What the task asks: Will you output all of the data below exactly, omitting the images?

Data excerpt:
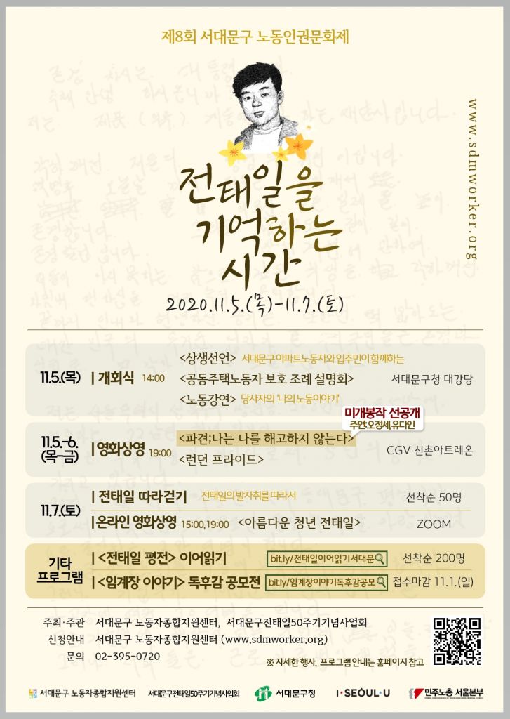 7일 오후 3시와 7시에는 영화 ‘아름다운 청년 전태일’을 화상회의 시스템을 통해 스마트폰이나 PC 등 온라인으로 볼 수 있다.
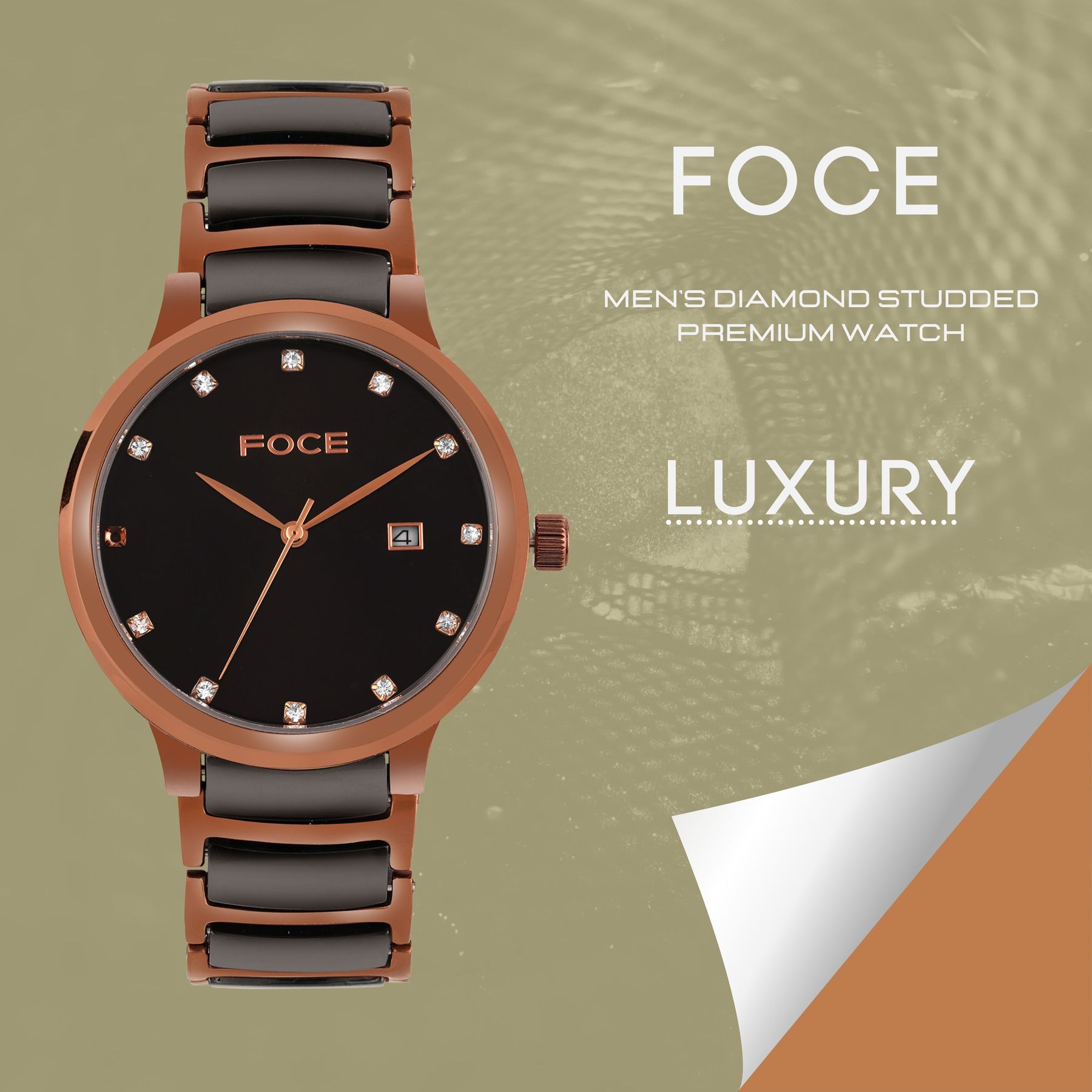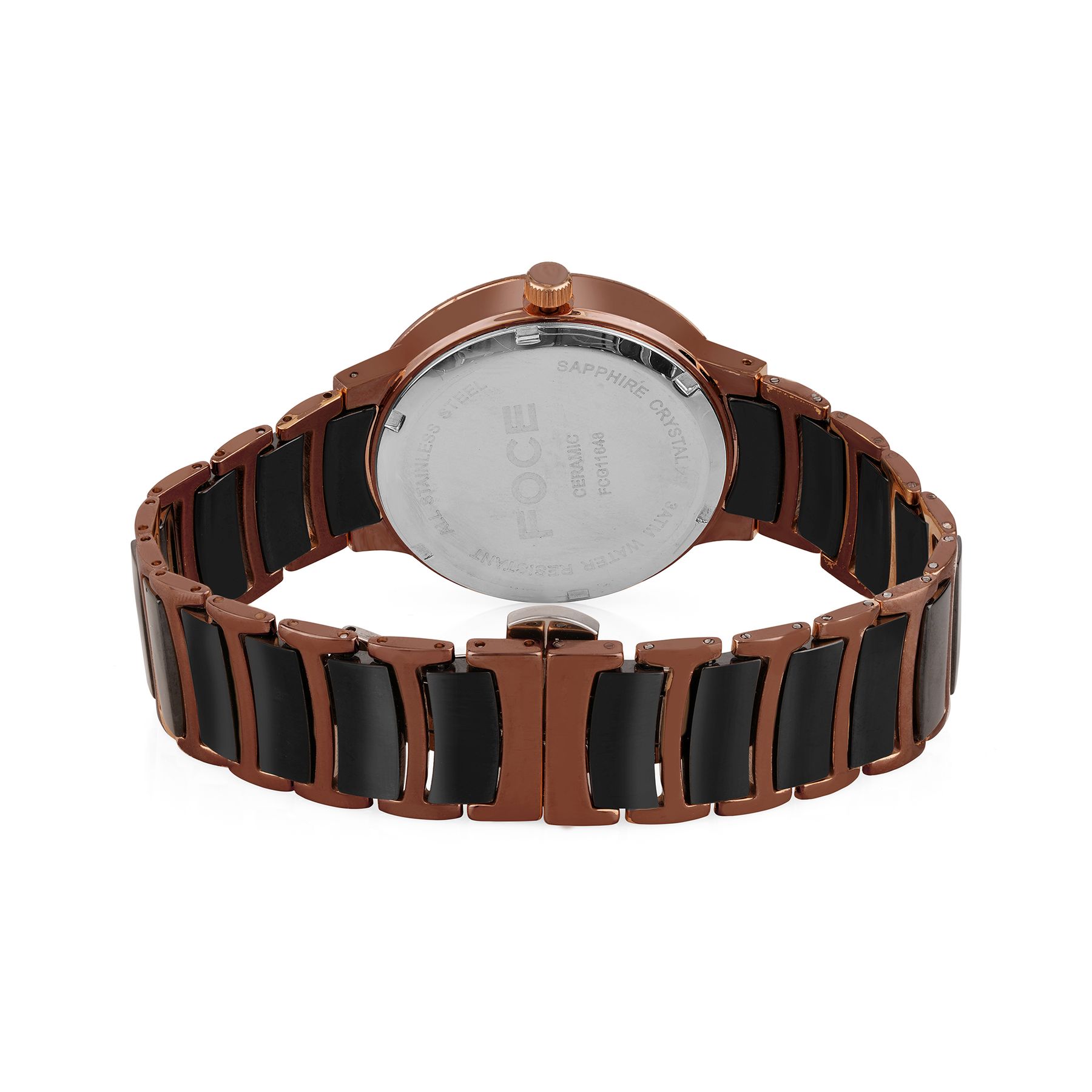 Step into sophistication with FOCE’s Brown Diamond-Studded Men’s Watch, crafted with a lustrous dual-tone metal and ceramic strap.
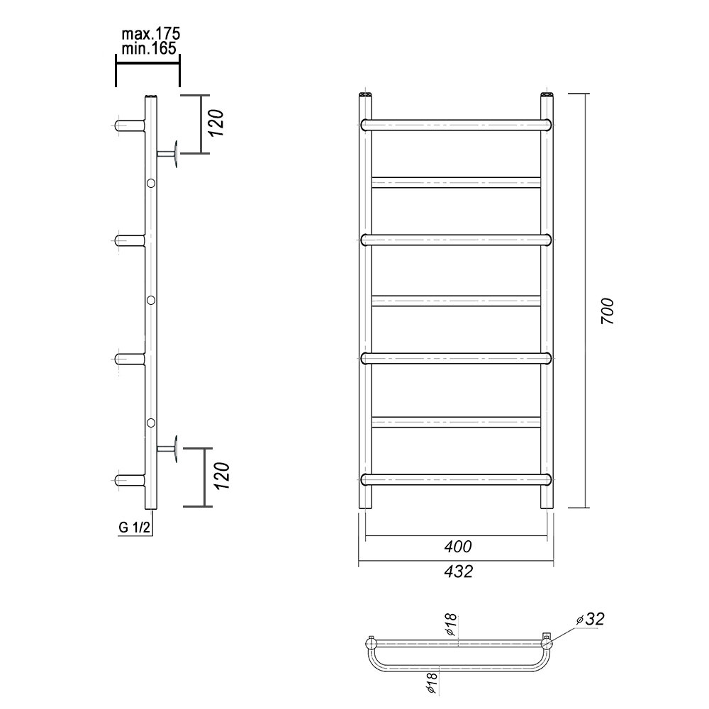 Водяной полотенцесушитель Aquanet Mauro(г2) 800x500

Task output:
 7일 오후 3시와 7시에는 영화 ‘아름다운 청년 전태일’을 화상회의 시스템을 통해 스마트폰이나 PC 등 온라인으로 볼 수 있다.
 Step into sophistication with FOCE’s Brown Diamond-Studded Men’s Watch, crafted with a lustrous dual-tone metal and ceramic strap.
 Водяной полотенцесушитель Aquanet Mauro(г2) 800x500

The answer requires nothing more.